Rule 59(e) provides that a party may request that a district court alter or amend its
judgment by filing a motion within 28 days of the entry of the judgment. Fed.R.Civ.P. 59(e).
However, Rule 59 is not intended to provide litigants with a “second bite at the apple.” Weeks
v. Bayer, 246 F.3d 1231, 1236 (9th Cir. 2001). Accordingly, “[w]here Rule 59(e) motions are
merely being pursued ‘as a means to reargue matters already argued and disposed of . . . such
motions are not properly classifiable as being motions under Rule 59(e)’ and must therefore be
dismissed.” American Independence Mines & Minerals Co. v. USDA, 733 F. Supp. 2d 1241,
1259-60 (D. Idaho 2010). The high bar that movants must overcome to prevail on a motion for
reconsideration reflects the courts’ “concerns for preserving dwindling resources and promoting
judicial efficiency.” Costello v. United States Gov’t, 765 F. Supp. 1003, 1009 (C.D. Cal. 1991).
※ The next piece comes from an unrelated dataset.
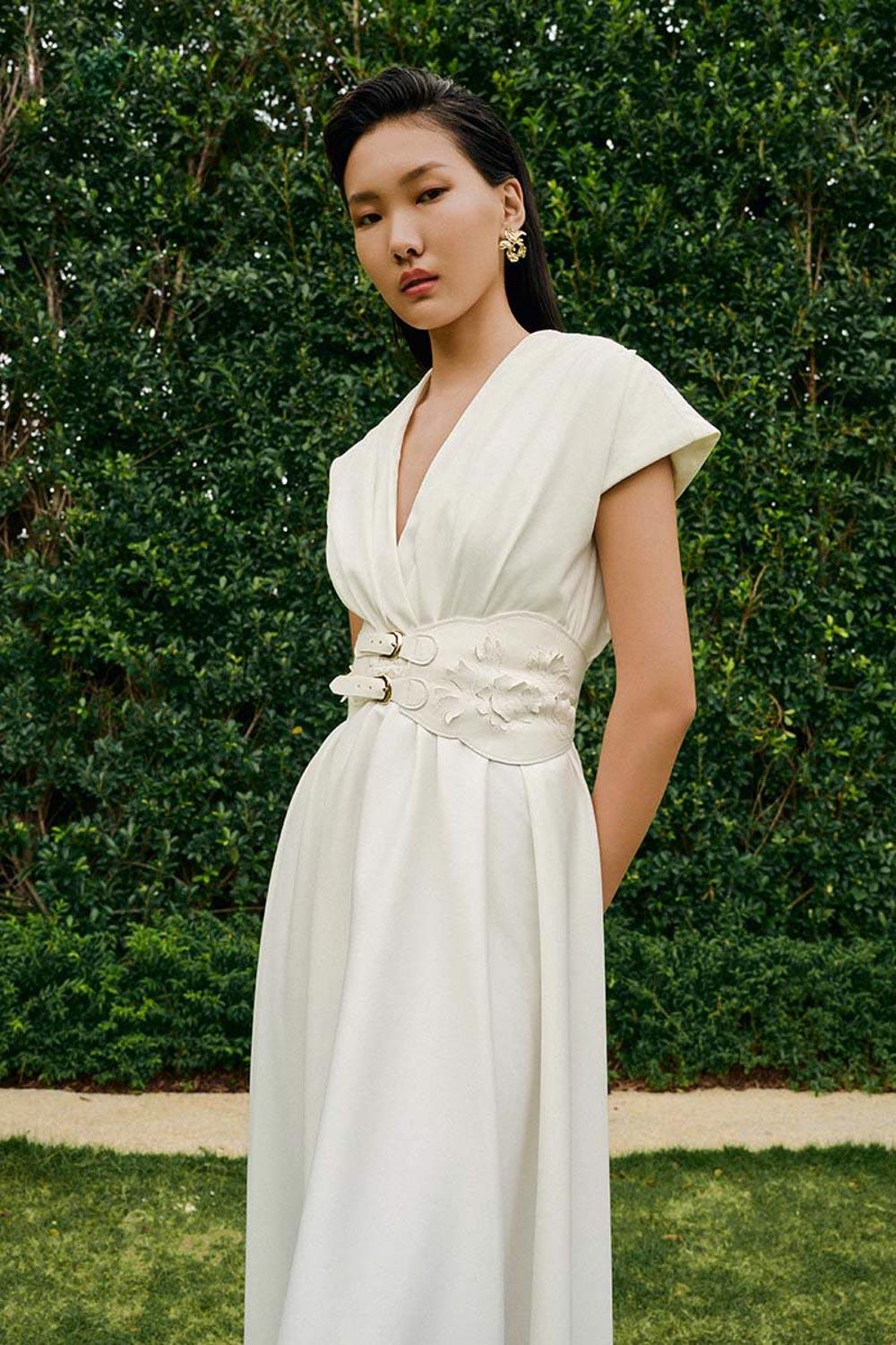 Rose laser cut in leather belt, Double D-ring belt, Surplice design, Wavy hem

As a result, a court should only exercise its discretion to alter or amend its judgment
when “‘(1) the district court is presented with newly discovered evidence, (2) the district court
committed clear error or made an initial decision that was manifestly unjust, or (3) there is an
intervening change in controlling law.’” SEC v. Platforms Wireless Int’l Corp., 617 F.3d 1072,
1100 (9th Cir. 2010).
Similarly, a court may grant a party relief from a final judgment under Rule 60(b) for the
following reasons: (1) mistake, inadvertence, surprise, or excusable neglect; (2) newly
discovered evidence; (3) fraud, misrepresentation, or misconduct by an opposing party; (4) the
judgment is void; (5) the judgment has been satisfied, released or discharged; or (6) any other
reason that justifies relief. Fed.R.Civ.P. 60(b). The catch-all provision of Rule 60(b)(6) – any
other reason that justifies relief – is not as broad as it sounds. To fall within the “limited area of
Rule 60(b)(6) a petitioner is required to establish the existence of extraordinary circumstances
which prevented or rendered him unable to prosecute [his case].” Mackey v. Hoffman, 682 F.3d
1247, 1251 (9th Cir. 2012).
Like Rule 59(e), “[j]udgments are not often set aside under Rule 60(b)(6) . . . the Rule is
‘used sparingly as an equitable remedy to prevent manifest injustice and is to be utilized only
where extraordinary circumstances prevented a party from taking timely action or to prevent or
correct an erroneous judgment.” Latshaw v. Trainer Wortham & Co., 452 F.3d 1097, 1103 (9th
Applying these principles to plaintiffs’ motion to reconsider, the court finds that plaintiffs
have failed to invoke any basis upon which Rule 59(e) or 60(b) would give this court discretion
to reconsider its Order. The plaintiffs’ state as the basis for the motion to reconsider: “It is the
impression of the plaintiffs that their presentation of the case to the Court may have been
unclear. Otherwise, it is believed by the plaintiffs that the Court would not have ruled in favor of
the defendants.” (Pls.’ Mem. In Supp. at 2.) Plaintiffs then attempt to support this basis for
reconsideration by setting forth claims and theories that are identical to those previously argued
and ultimately decided by this court in the September 14, 2014 Order granting defendants’
motion for summary judgment. As previously stated, a motion to reconsider is not a “means to
reargue matters already argued and disposed of.” American Independence Mines, 733 F. Supp.
2d at 1259. And plaintiffs’ “impression” that the that the outcome would have been different if
the presentation of the case had been more clear is simply insufficient to satisfy the high bar that
movants must clear to prevail on a motion for reconsideration. In sum, plaintiffs have failed to
meet the standards for reconsideration.
Therefore, and for the reasons set forth above, it is hereby ORDERED: Plaintiffs’
Motion to Void Order Granting Summary Judgment or, in the Alternative, to Reconsider,
Modify, Amend or Alter Said Order is DENIED. Plaintiffs’ Ex Parte Motion to Reopen Case is
DATED this 25th day of November, 2014.